About this exercise → Here the job is to transcribe the data verbatim while leaving each picture out.

Material provided →
= = =

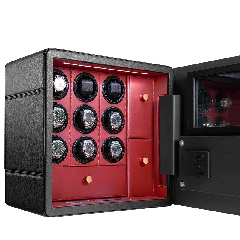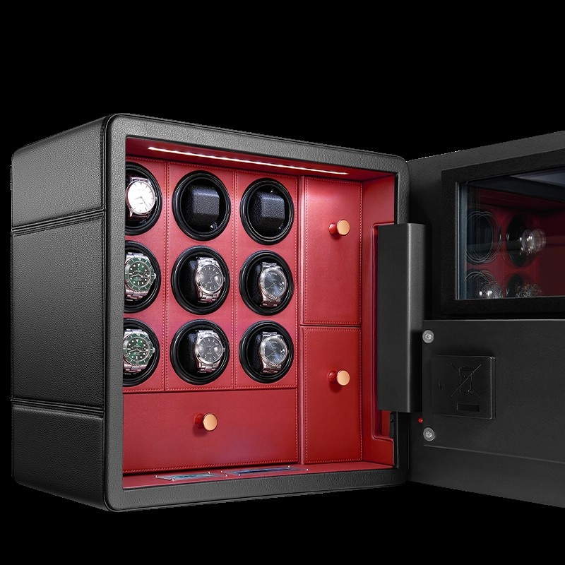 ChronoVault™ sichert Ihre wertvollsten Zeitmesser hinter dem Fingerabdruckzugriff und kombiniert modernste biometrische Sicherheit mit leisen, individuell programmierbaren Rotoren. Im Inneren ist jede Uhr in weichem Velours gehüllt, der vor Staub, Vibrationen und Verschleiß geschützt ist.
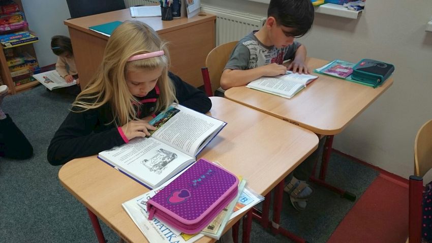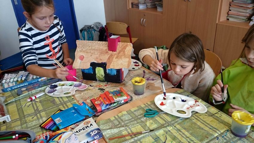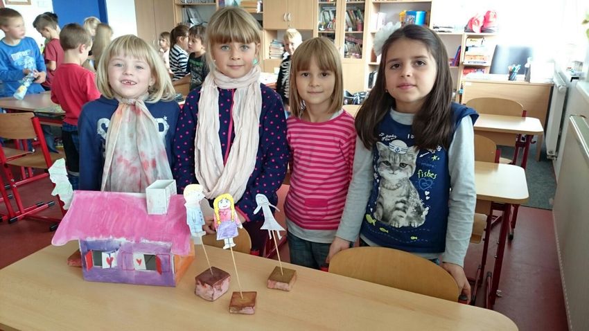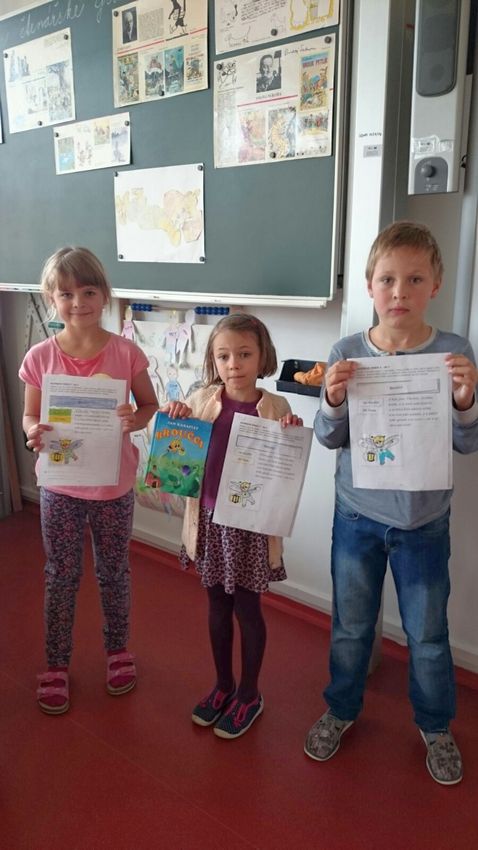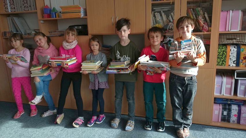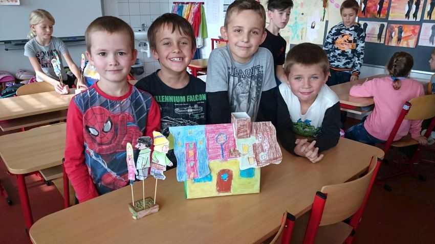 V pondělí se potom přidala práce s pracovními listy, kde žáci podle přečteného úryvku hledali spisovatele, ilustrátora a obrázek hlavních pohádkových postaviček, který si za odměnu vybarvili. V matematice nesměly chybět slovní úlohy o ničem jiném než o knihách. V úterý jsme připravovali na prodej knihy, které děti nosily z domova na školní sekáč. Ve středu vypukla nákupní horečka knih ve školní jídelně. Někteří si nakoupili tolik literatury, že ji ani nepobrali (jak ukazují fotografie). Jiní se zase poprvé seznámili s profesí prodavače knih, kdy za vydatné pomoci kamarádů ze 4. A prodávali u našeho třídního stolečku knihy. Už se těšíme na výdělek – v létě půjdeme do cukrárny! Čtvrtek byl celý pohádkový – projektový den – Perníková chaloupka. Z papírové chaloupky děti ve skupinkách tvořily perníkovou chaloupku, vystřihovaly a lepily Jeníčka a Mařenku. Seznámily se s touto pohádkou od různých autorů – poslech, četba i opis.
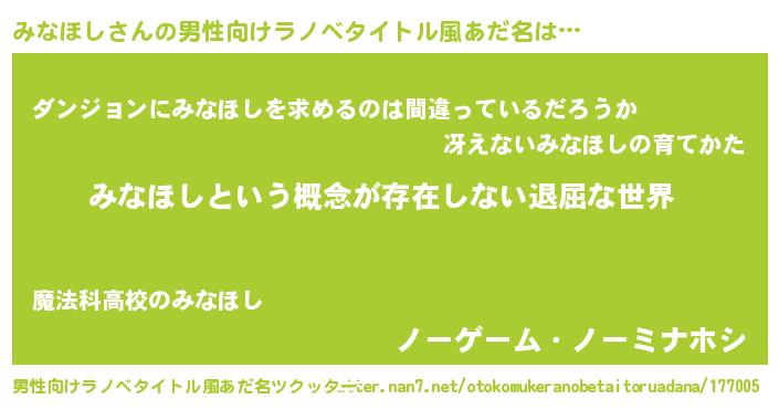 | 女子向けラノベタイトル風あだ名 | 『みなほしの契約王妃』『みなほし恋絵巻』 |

= = =

Answer section →
 ChronoVault™ sichert Ihre wertvollsten Zeitmesser hinter dem Fingerabdruckzugriff und kombiniert modernste biometrische Sicherheit mit leisen, individuell programmierbaren Rotoren. Im Inneren ist jede Uhr in weichem Velours gehüllt, der vor Staub, Vibrationen und Verschleiß geschützt ist.
 V pondělí se potom přidala práce s pracovními listy, kde žáci podle přečteného úryvku hledali spisovatele, ilustrátora a obrázek hlavních pohádkových postaviček, který si za odměnu vybarvili. V matematice nesměly chybět slovní úlohy o ničem jiném než o knihách. V úterý jsme připravovali na prodej knihy, které děti nosily z domova na školní sekáč. Ve středu vypukla nákupní horečka knih ve školní jídelně. Někteří si nakoupili tolik literatury, že ji ani nepobrali (jak ukazují fotografie). Jiní se zase poprvé seznámili s profesí prodavače knih, kdy za vydatné pomoci kamarádů ze 4. A prodávali u našeho třídního stolečku knihy. Už se těšíme na výdělek – v létě půjdeme do cukrárny! Čtvrtek byl celý pohádkový – projektový den – Perníková chaloupka. Z papírové chaloupky děti ve skupinkách tvořily perníkovou chaloupku, vystřihovaly a lepily Jeníčka a Mařenku. Seznámily se s touto pohádkou od různých autorů – poslech, četba i opis.
 | 女子向けラノベタイトル風あだ名 | 『みなほしの契約王妃』『みなほし恋絵巻』 |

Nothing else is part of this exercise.